What you need to do
Output the data below exactly, images excluded.
⁂
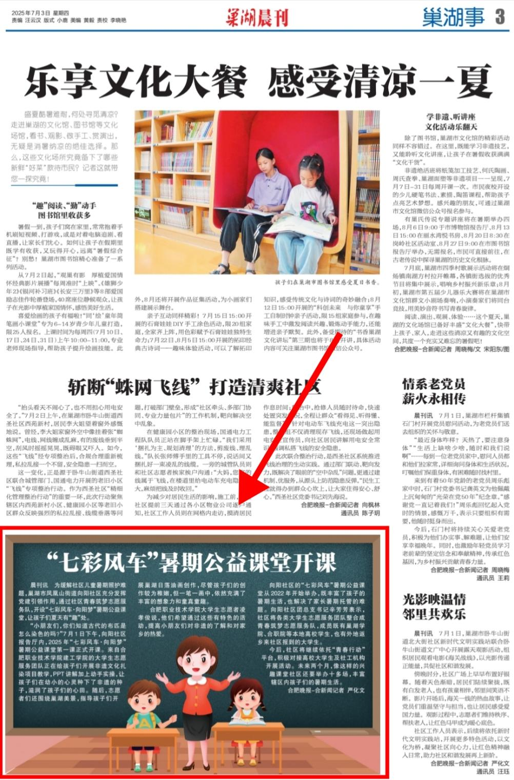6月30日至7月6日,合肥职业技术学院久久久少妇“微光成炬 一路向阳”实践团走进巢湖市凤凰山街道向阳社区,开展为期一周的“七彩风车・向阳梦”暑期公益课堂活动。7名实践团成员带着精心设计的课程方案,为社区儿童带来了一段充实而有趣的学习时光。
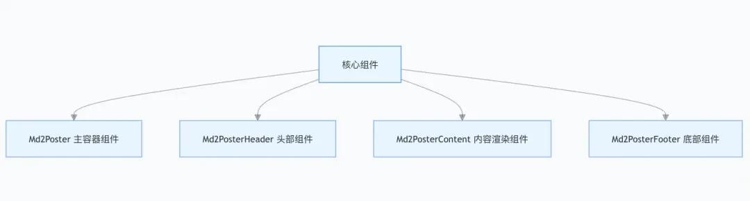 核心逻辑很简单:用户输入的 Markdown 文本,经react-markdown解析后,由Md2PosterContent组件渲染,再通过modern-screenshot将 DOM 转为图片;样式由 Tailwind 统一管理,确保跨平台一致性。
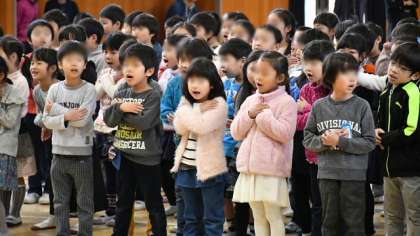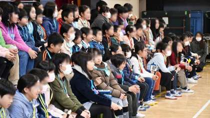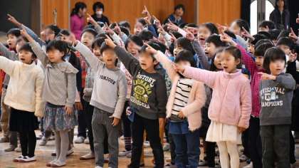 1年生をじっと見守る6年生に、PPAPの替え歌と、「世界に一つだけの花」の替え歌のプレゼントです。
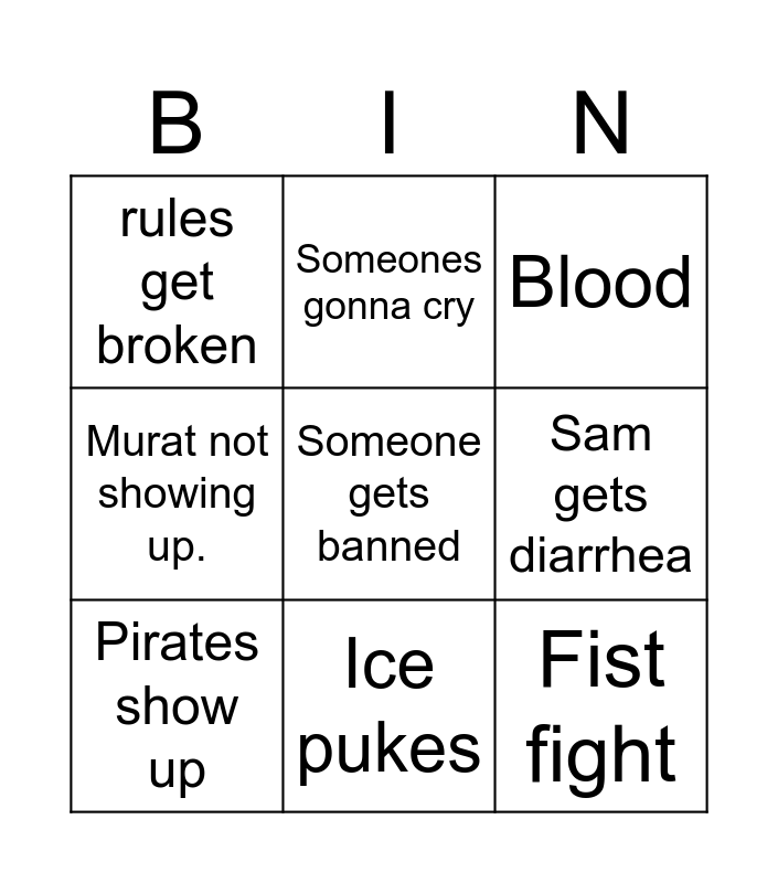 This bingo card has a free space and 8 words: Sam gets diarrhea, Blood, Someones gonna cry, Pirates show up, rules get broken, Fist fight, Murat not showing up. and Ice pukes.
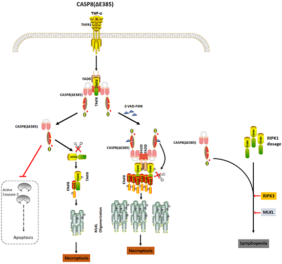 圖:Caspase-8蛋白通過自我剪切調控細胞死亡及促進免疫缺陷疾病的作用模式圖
⁂
Finished task
6月30日至7月6日,合肥职业技术学院久久久少妇“微光成炬 一路向阳”实践团走进巢湖市凤凰山街道向阳社区,开展为期一周的“七彩风车・向阳梦”暑期公益课堂活动。7名实践团成员带着精心设计的课程方案,为社区儿童带来了一段充实而有趣的学习时光。
 核心逻辑很简单:用户输入的 Markdown 文本,经react-markdown解析后,由Md2PosterContent组件渲染,再通过modern-screenshot将 DOM 转为图片;样式由 Tailwind 统一管理,确保跨平台一致性。
 1年生をじっと見守る6年生に、PPAPの替え歌と、「世界に一つだけの花」の替え歌のプレゼントです。
 This bingo card has a free space and 8 words: Sam gets diarrhea, Blood, Someones gonna cry, Pirates show up, rules get broken, Fist fight, Murat not showing up. and Ice pukes.
 圖:Caspase-8蛋白通過自我剪切調控細胞死亡及促進免疫缺陷疾病的作用模式圖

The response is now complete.